▶ **Work required**
Please repeat exactly the lines below from the line with "Fiskars Amplify™ -kangassaksien" to the line with "Where does he", including both, and leave out every picture.

== Segment start ==

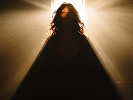 A striking female silhouette emerges beneath intense lighting, with beams piercing from above, creating a powerful and evocative atmosphere.
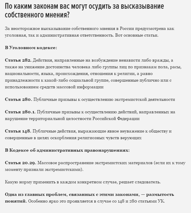 Эти уголовные дела были возбуждены по сравнительно новой статье №280.1 УК РФ «Призывы к осуществлению действий, направленных на нарушение территориальной целостности России», которая пополнила кодекс летом 2014 года. Нередко непродуманная активность в интернете попадает под 282-ю статью УК о разжигании межнациональной розни, и, как правило, эти обвинения не лишены оснований. Также могут применять и другие статьи, такие, как оправдание терроризма, расизма, нацизма, призывы к экстремистской деятельности, оскорбление чувств верующих и другие.
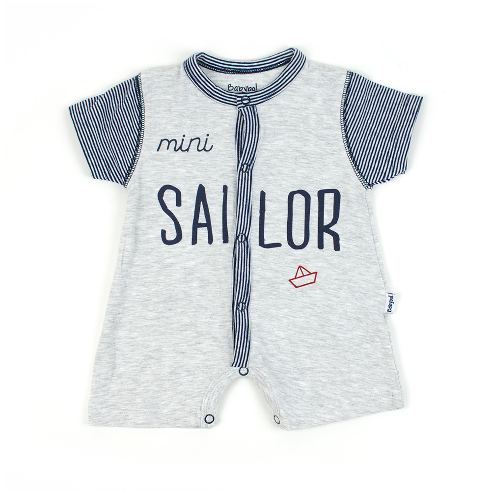 Дуже зручний одяг для спекотного літнього дня - м'який пісочник Babybol для новонародженого хлопчика виконаний з натуральної бавовни. Сірий меланж зі смугастими рукавами, по центру переданий дитячий малюнок на морську тематику. Застібається спереду на кнопки, є кнопки між ніжками для зручності зміни підгузки. Не обмежує рухів дитини, в ньому не жарко і зручно. Відмінний вибір для прогулянок, для пісочниці, пляжу та навіть святкових заходів.
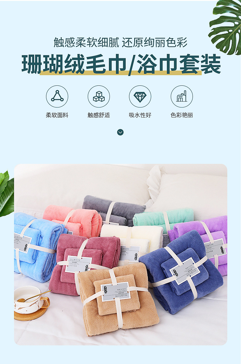 도매 산호 양털 목욕 수건 세트 가정용 세안 부드러운 어머니와 어머니 세트 수건 두꺼운 흡수성 선물 수건스토어 가기
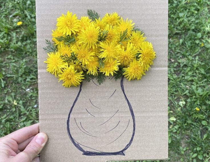 Rajzoljunk a kartonra egy vázát. A váza fölé golyóstollal szurkáljunk lyukakat. A frissen szedett apró virágokat szúrjuk bele a lyukakba.
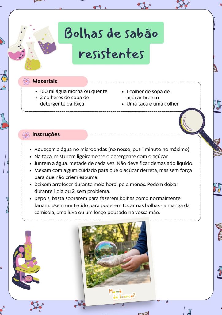 É uma daquelas actividades que acaba por gerar conversa: porquê o açúcar? O que faz o detergente? Como é que a bolha aguenta? Não precisam de ter todas as respostas na ponta da língua! Parte da graça é descobrirem juntos.
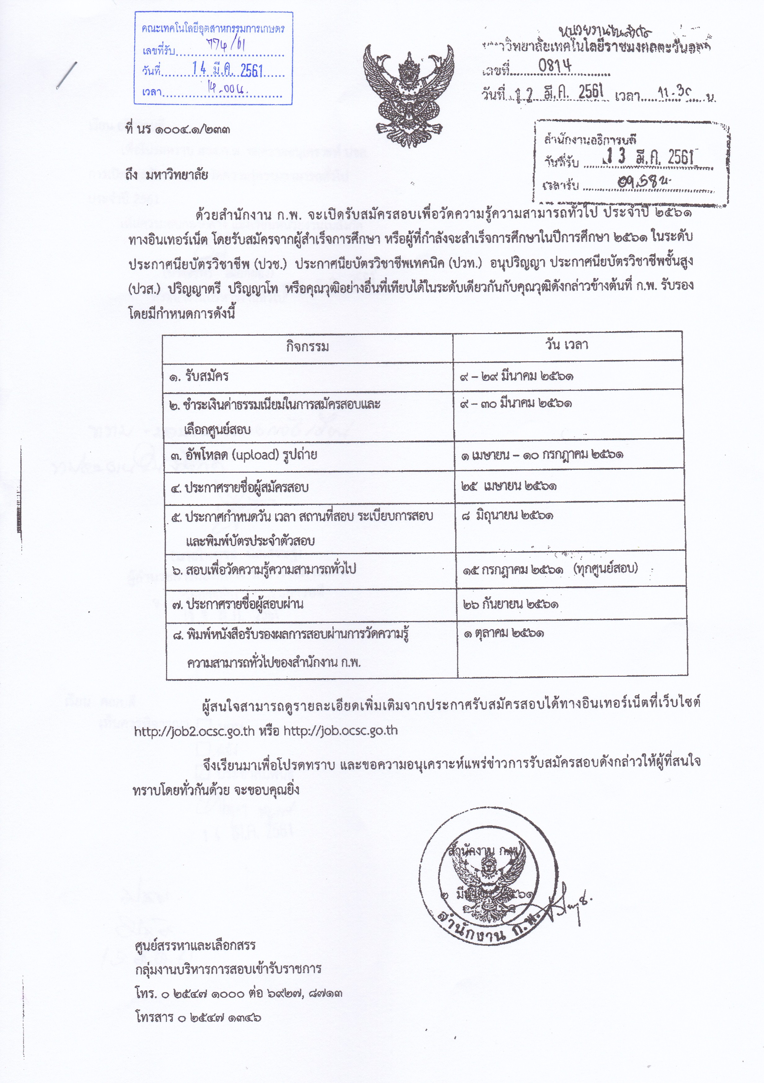ด้วยลำนักงาน ก.พ. จะเปิดรับสมัครสอบเพื่อวัดความรู้ความสามารถทั่วไปประจำปี 2561 ทางอินเทอร์เน็ต โดยรับสมัครจากผู้สำเร็จการศึกษา หรือผู้ที่กำลังจะสำเร็จการศึกษาในปีการศึกษา 2561 ในระดับ ประกาศนียบัตรวิชาชีพ (ปวช.) ประกาศนียบัตรวิชาชีพเทคนิค (ปวท.) อนุปริญญา ประกาศนียบัตรวิชาเพชั้นสูง (ปวส.) ปริญญาตรี ปริญญาโท หรือคุณวุฒิอย่างอื่นที่เทียบได้ในระดับเดียวกันกับคุณวุฒิดังกล่าวข้างต้นที่ ก.พ. รับรอง โดยมีกำหนดการดังนี้
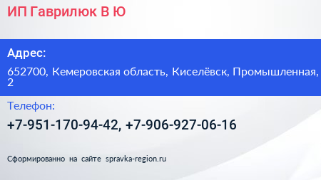 ИП Гаврилюк В.Ю. по адресу 652700, Кемеровская область, Киселёвск, Промышленная, 2 в дальнейшем Организация, размещена в следующих категориях:
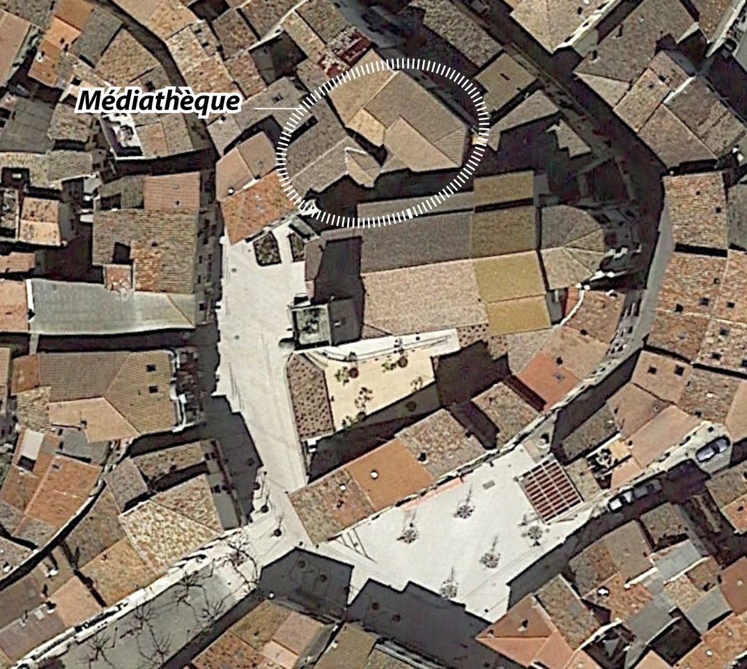 - Présentation du site de la médiathèque et l’évidence de l’enjeu patrimonial qui lui est associé. La requalification des abords de l’église est aussi lisible sur la photographie.
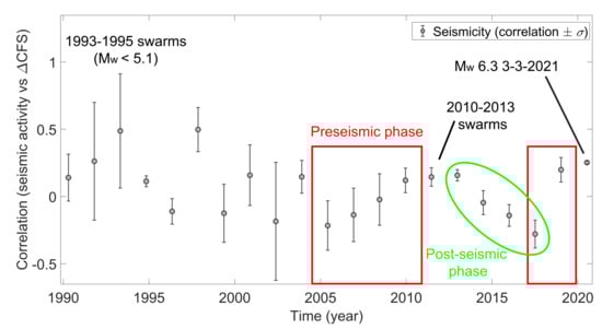 Northern Thessaly Region was recently hit by the Larissa seismic sequence (mainshock 3 March 2021, M 6.3, 11.5 km depth, USGS), causing widespread damage and one casualty. The still ongoing seismicity occurred along normal faulting. The analysis of correlation between the CFS and the nucleated seismic energy is performed between 1990 and 1 May 2021 in an area within latitude 39.5–40.2° N and longitude 21.7–22.4° E considering only earthquakes with M > 2.0. After an initial period featured by elevated correlation values corresponding to a seismic swarm (M≤ 5.0, 0.45) which occurred between 1993 and 1995, a decennial decrease of correlation followed. The trend switched in 2005–2007 and continued till the correlation turns positive. The progressive increase stopped in 2010 when diffuse swarms were recorded.
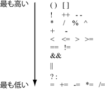 次の表では、MEL における演算子の優先順位について説明します。この図で同じ行に書かれている演算子の優先順位はすべて同じです。1 つの文に複数の演算子があり、これらの演算子が同じ優先順位である場合、一番左側にある演算子が最初に評価されます。単項演算子と代入演算子は右結合で、他の演算子はすべて左結合です。
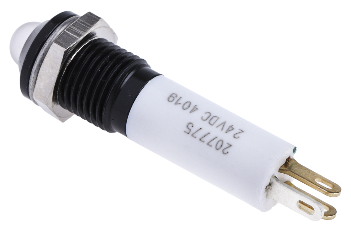 This is Green Red Yellow LED Indicator 24 V dc 5 mm Lamp Size 8mm Mounting Hole Size manufactured by RS Pro. The manufacturer part number is 207-775. Regarding light output colour, it outputs green, red, yellow light colour. Its lamp is 5 mm in size . In addition, It features 8mm of mounting hole size. The product is available in panel mount configuration. It is IP rated with ip67. Furthermore, the bezel has a classic black colour. Moreover, the product has a nominal 24v dc voltage rating. The given intensity of the product is 10 mcd, 10 mcd, 20mcd. Its accurate length is 37mm. The bezel features a prominent style. The product is designed with a solder tab termination. The product has a current rating of 20ma. It is a type of led lamp.
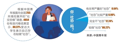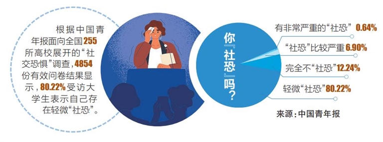 “身边的朋友常常说自己是‘社恐’,我觉得我也是,因为我不喜欢参加社交活动,必须参加集体活动时,表现得也很拘谨,特别在人多的场合讲话,我会感到很紧张,手心冒汗,心跳加快。”在海口工作的“90后”陈洁(化名)对“社恐”并不陌生,甚至认为自己是“社恐”中的一员。
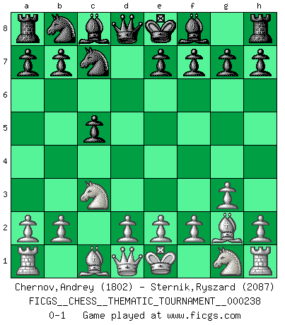 Last move : 0-1 2020 November 26 0:4:5 [Event "FICGS__CHESS__THEMATIC_TOURNAMENT__000238"] [Site "FICGS"] [Date "2020.10.16"] [Round "1"] [White "Chernov,Andrey"] [Black "Sternik,Ryszard"] [Result "0-1"] [WhiteElo "1802"] [BlackElo "2087"] 1.c4 Nf6 2.Nc3 c5 3.g3 d5 4.cxd5 Nxd5 5.Bg2 Nc7 0-1 This chess game has been lost on time (started : 2020.10.16 13:42:29) Follow this game move after move (download)There are two classes of men; those who are content to yield to circumstances and who play whist; those who aim to control circumstances, and who play Chess. (Mortimer Collins) Was ist der Unterschied zwischen einem Strassenarbeiter und einem Schachspieler? --Der Schachspieler bewegt sich ab und zu. (Anonymous) Un juego de Ajedrez es un dialogo, una conversación entre un jugador y su oponente. Cada movimiento del oponente puede contener amenazas o tropiezos, pero un jugador no se puede defender de las amenazas o tomar ventaja de los tropiezos si es que no se pregunta a sí mismo: ¿Que es lo que mi oponente va a hacer después de cada movida?. (Bruce A. Moon) Soyez une menace à chaque fois que vous vous asseyez pour jouer. (Ken Smith) Vladimir Ras-Putin is still alive... He is also a good actor, I saw him in the Lord of the Rings. (Rodolfo d'Ettorre)
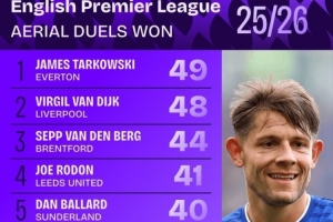 體育資訊11月11日訊 英超聯(lián)賽已經(jīng)進(jìn)行了11輪,squakwa也統(tǒng)計了本賽季英超空中成功對抗次數(shù),塔科夫斯基力壓范戴克居首。
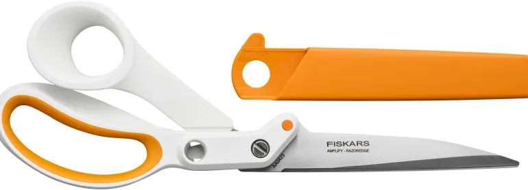 Fiskars Amplify™ -kangassaksien innovatiivisen teknologian, kätevien ominaisuuksien ja ergonomian ansiosta paksujenkin kankaiden ja kangaskerrosten leikkaaminen onnistuu siististi. Ergonomisesti muotoiltu kahva mukailee käden muotoja, ja Softgrip™-yksityiskohdat lisäävät käyttömukavuutta ja hallinnan tuntua.
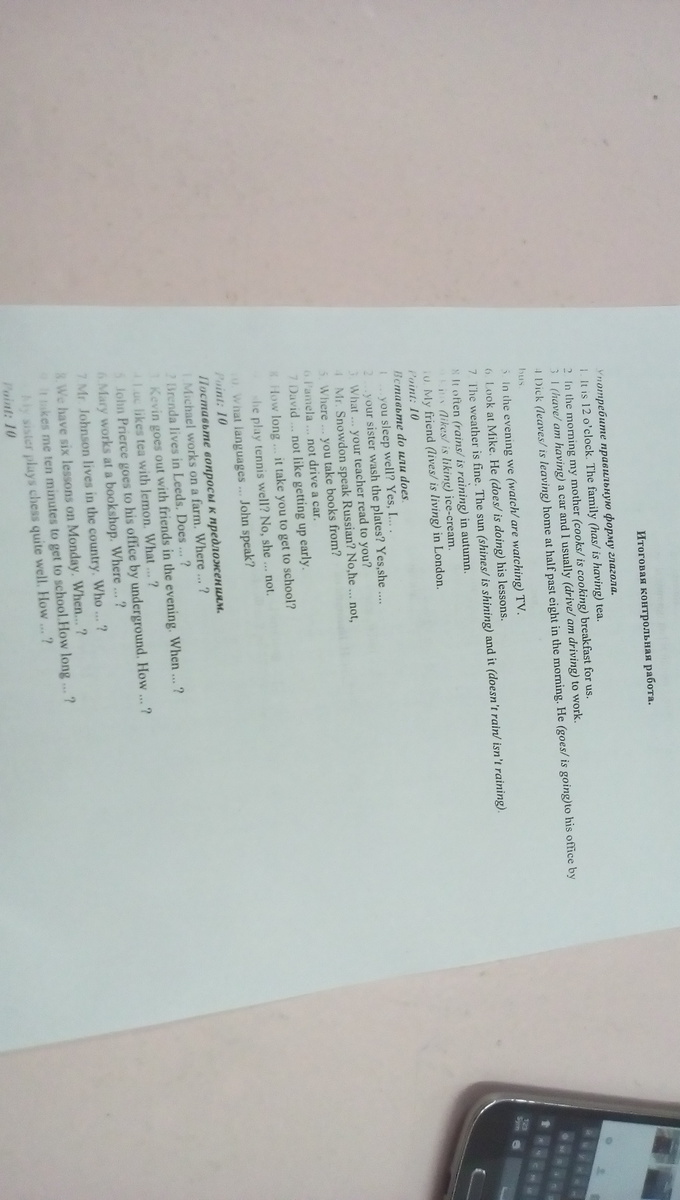 Where does he work? Does she live in Leeds? When does he go out with friends? What does he (she на фото не видно он или она) like? How does he go to his office? Where does she work? Who lives in the country? When do we have 6 lessons? How long does it take you to get to school? How does your sister play chess?
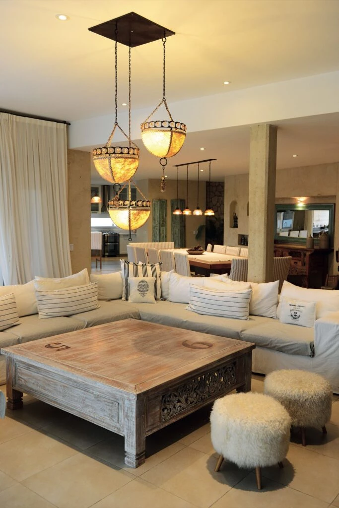 El amplio living de esta "casa jardín" diseñada para el encuentro enamora con su simpleza y toques bohemios. Se sumó un sillón en “L”, dos pufs con piel y una mesa de Indonesia. Mención aparte para la escenográfica lámpara que sobrevuela el espacio.
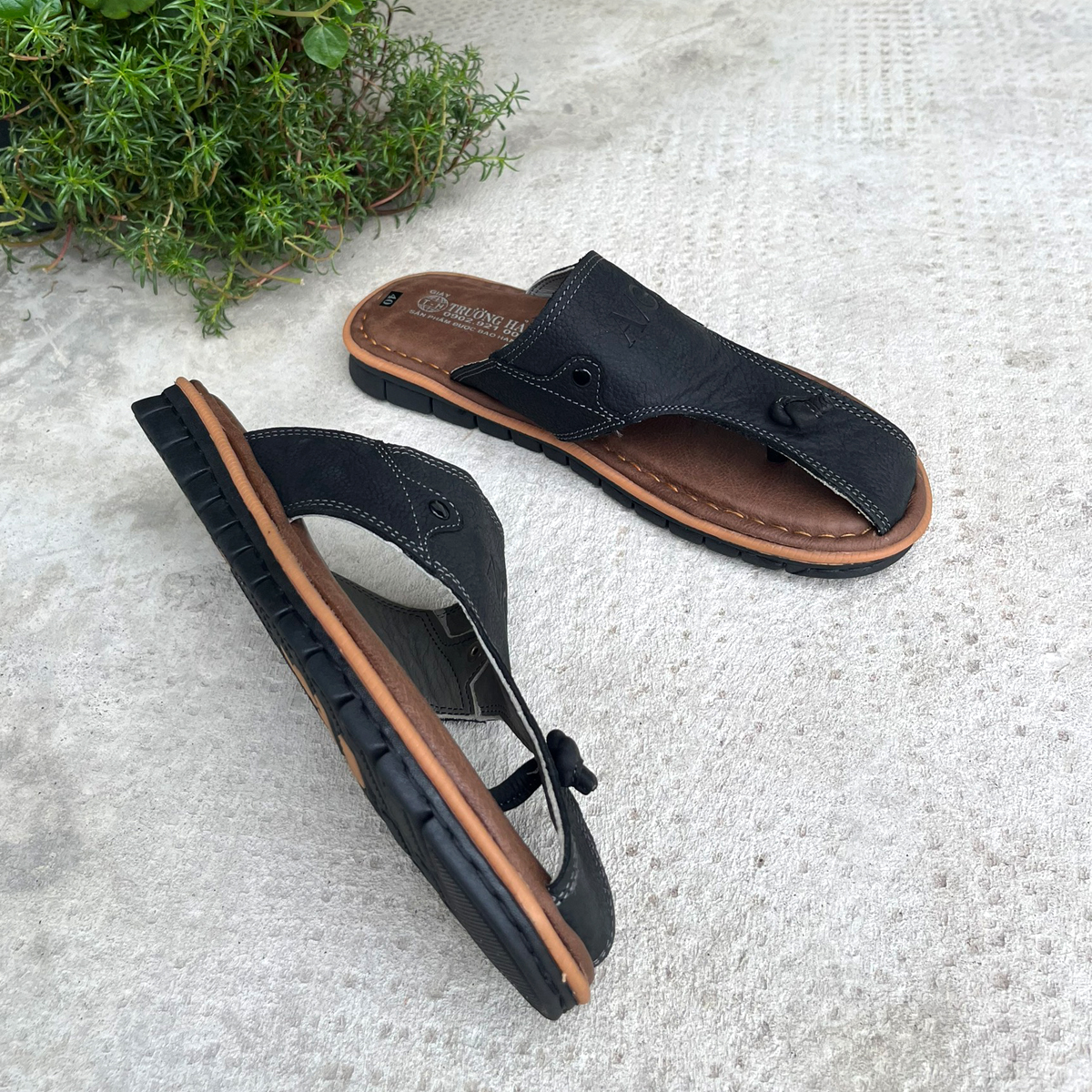 Dép nam bít mũi Trường Hải da bò thật
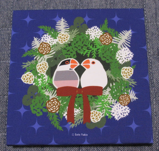 文鳥・クリスマス・ファブリックパネル 桜文鳥 白文鳥
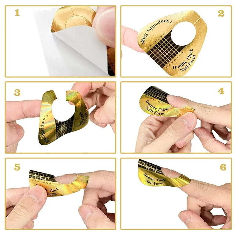 Papierowe, złote szablony pozwalające stworzyć paznokcie w różnym kształcie i długości. To alternatywa do przedłużania paznokci na tipsie wyglądająca bardziej naturalnie i pozwalająca na pracę wieloma różnymi produktami. Szablonów możesz używać do żelu, akrylu, akrylożelu, baz budujących oraz do nadbudowy uszkodzonego paznokcia.
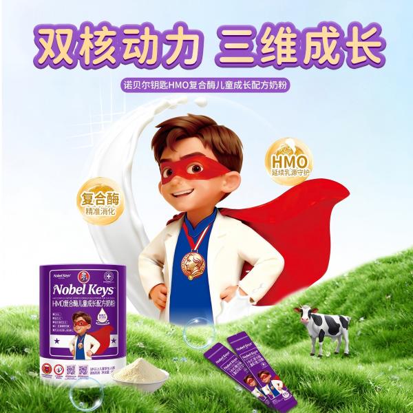 选择诺贝尔钥匙HMO复合酶儿童成长奶粉,给孩子科学、安心的营养守护
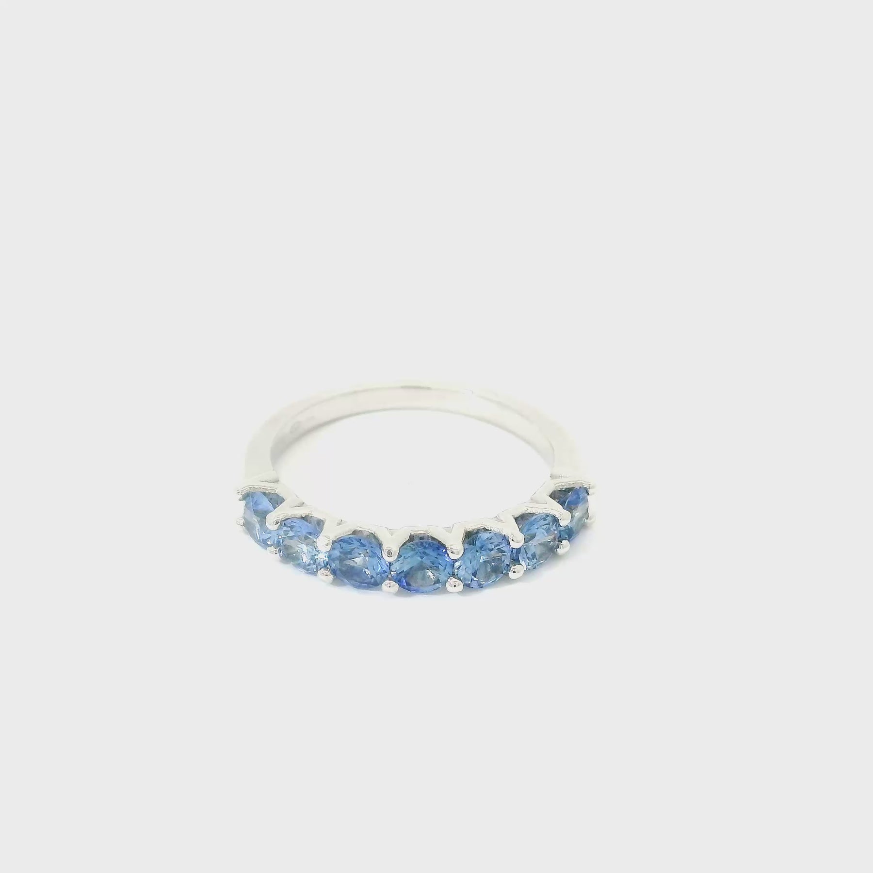 Tento elegantní prsten z bílého zlata s modrými safíry zaujme svou nadčasovou krásou a decentním luxusem.

== Segment end ==

▶ **Answer to this exercise**
 Fiskars Amplify™ -kangassaksien innovatiivisen teknologian, kätevien ominaisuuksien ja ergonomian ansiosta paksujenkin kankaiden ja kangaskerrosten leikkaaminen onnistuu siististi. Ergonomisesti muotoiltu kahva mukailee käden muotoja, ja Softgrip™-yksityiskohdat lisäävät käyttömukavuutta ja hallinnan tuntua.
 Where does he work? Does she live in Leeds? When does he go out with friends? What does he (she на фото не видно он или она) like? How does he go to his office? Where does she work? Who lives in the country? When do we have 6 lessons? How long does it take you to get to school? How does your sister play chess?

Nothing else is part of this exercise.